§ ACTIVITY:
As you write out the lines from the one containing "दोहरे हत्या काण्ड" through the last line of the records, keep them exact and leave out pictures.

§ DATA FOR REVIEW:
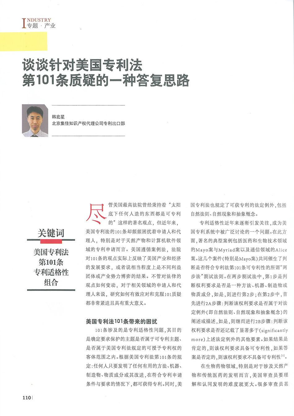 集佳文章《談?wù)勧槍γ绹鴮@ǖ?01條質(zhì)疑的一種答復(fù)思路》在《中國知識產(chǎn)權(quán)》發(fā)表
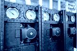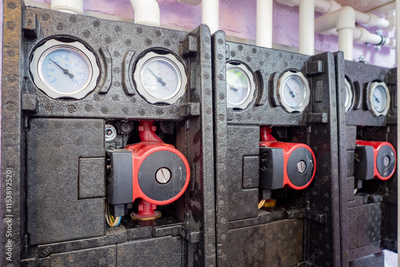 Fragment of boiler equipment. Pressure sensors on heating cauldron. Fragment of gas boiler with meters. Mechanical sensors near plastic pipes. Modern boiler system. Heating equipment for home
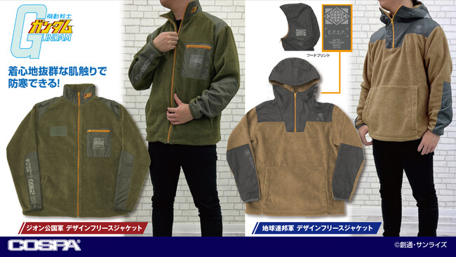 そして、昨年に続き2023年もフリースジャケットがラインアップ。ジオン公国軍、地球連邦軍をモチーフに、オリジナルで仕上げた型は劇中の雰囲気を感じられるデザイン。さらに、肌触りの良い生地を採用することでタウンユースでも活躍できる。涼しくなる秋に向けてはもちろん、冷房が効きすぎた屋内用に置いておくと活躍しそうなアイテムだ。
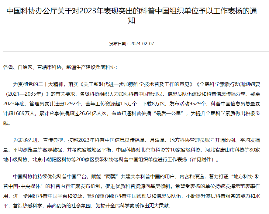 近日,中国科协办公厅下发《关于对2023年表现突出的科普中国组织单位予以工作表扬的通知》,杭州市美彩国际位列全国200强区县级科协名单,此为区科协多次获得此项殊荣。同时,据中科协科普部公布2023年科普中国信息员典型代表的通知获悉,全国500强大名单中,我区17位市民榜上有名。
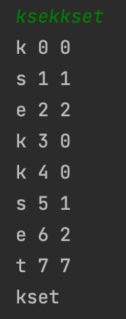 첫 줄에 중복문자가 제거된 문자열을 출력합니다.
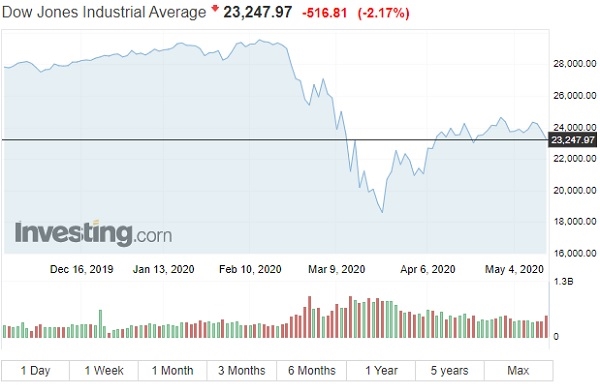 Chỉ số Down Jones giảm mạnh trong phiên 13.5. Ảnh: Investing.
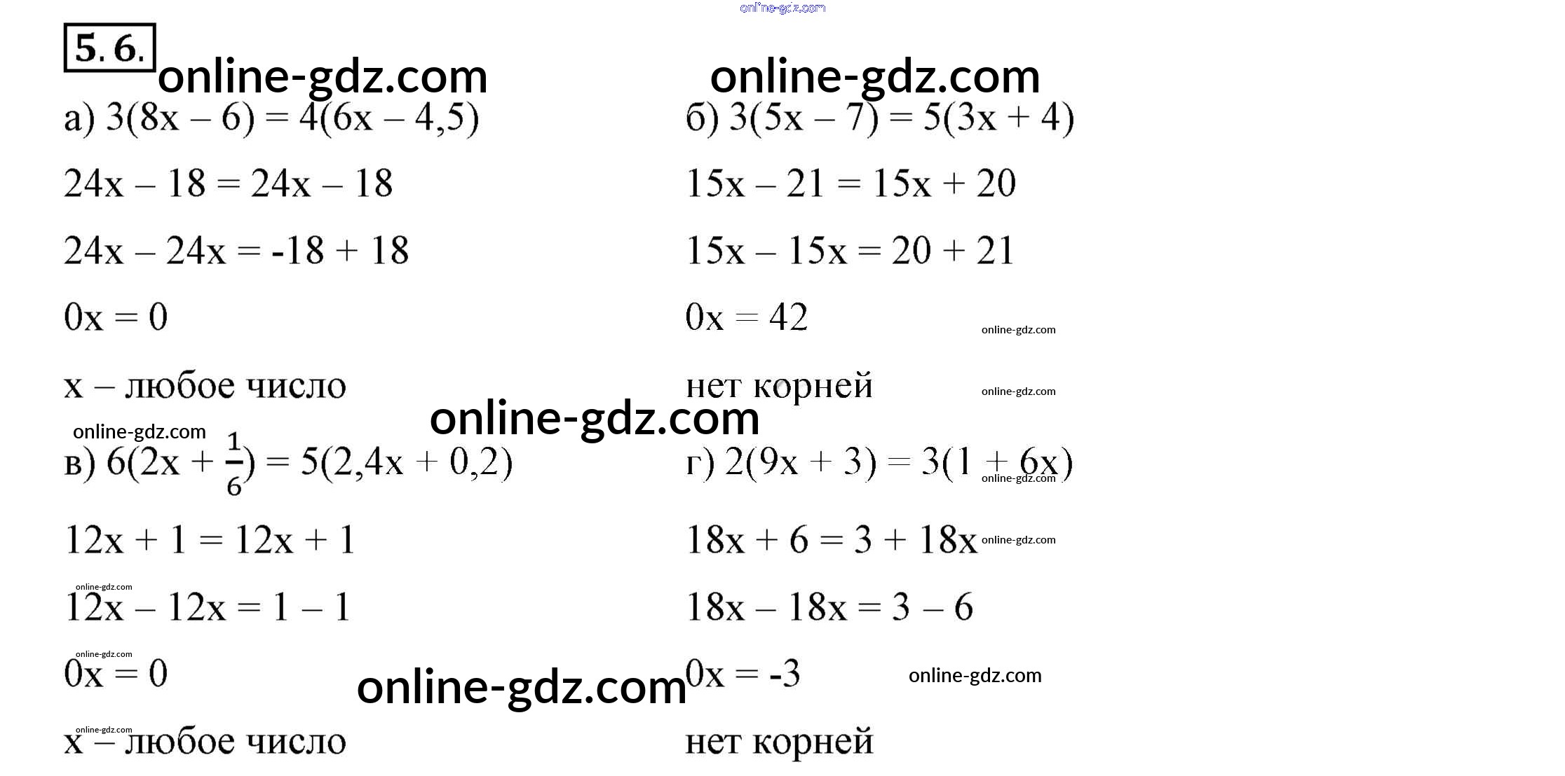 Готовые домашние задания по Алгебре за 7 класс Учебник Мордкович, Семёнов 2018 - §5. Линейные уравнения с одной переменной 5.6
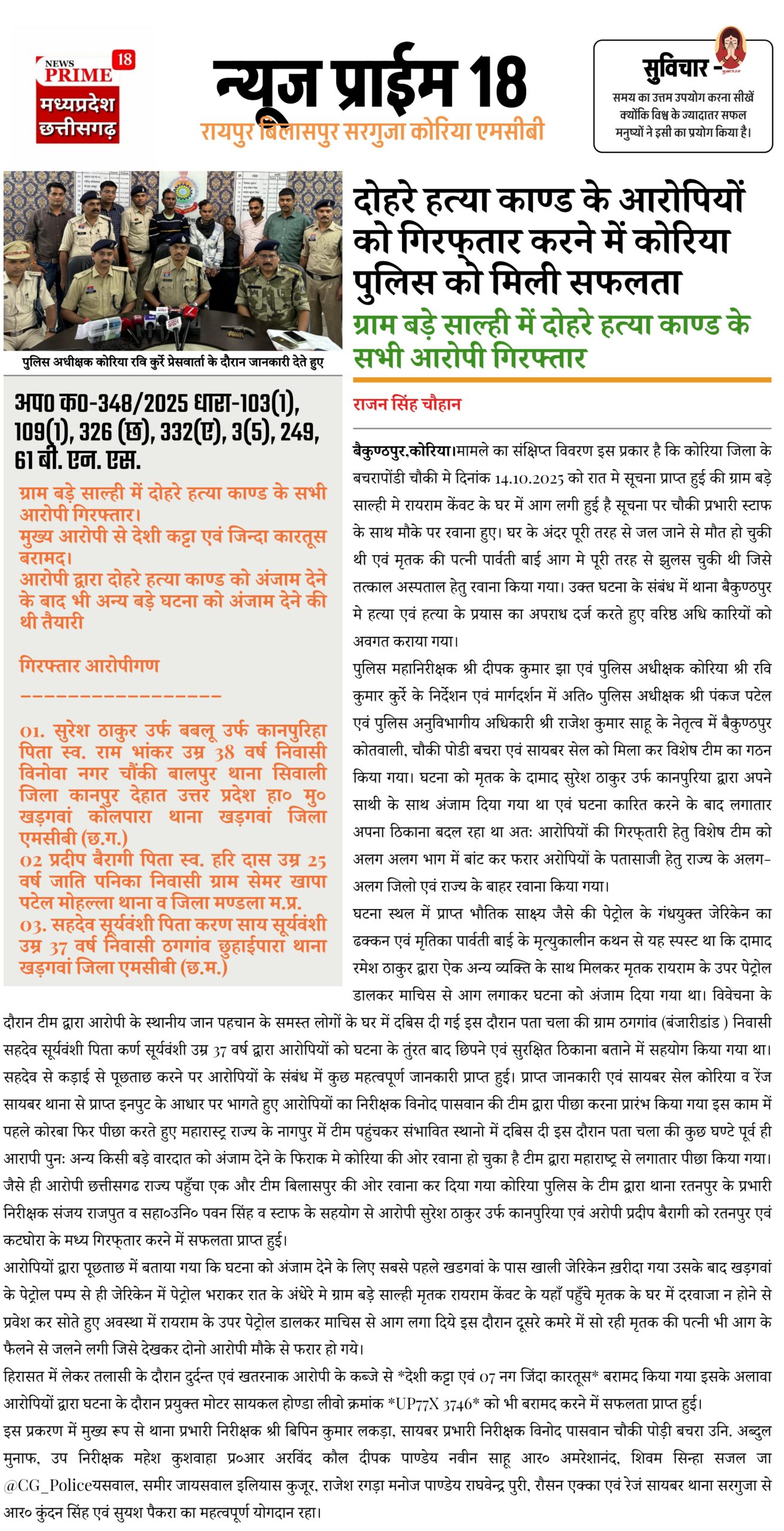 दोहरे हत्या काण्ड के आरोपियों को गिरफ्तार करने में कोरिया पुलिस को मिली सफलता
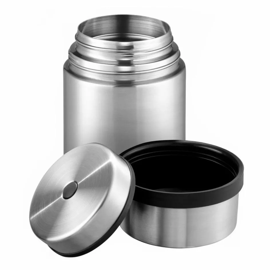 Eleganter Thermobehälter aus 18/8 Edelstahl mit Deckel, der als Schale genutzt werden kann. In ihm kannst du die heiße Suppe ebenso transportieren, wie das Eis an heißen Sommertagen.

§ ANSWER TO THIS EXERCISE:
 दोहरे हत्या काण्ड के आरोपियों को गिरफ्तार करने में कोरिया पुलिस को मिली सफलता
 Eleganter Thermobehälter aus 18/8 Edelstahl mit Deckel, der als Schale genutzt werden kann. In ihm kannst du die heiße Suppe ebenso transportieren, wie das Eis an heißen Sommertagen.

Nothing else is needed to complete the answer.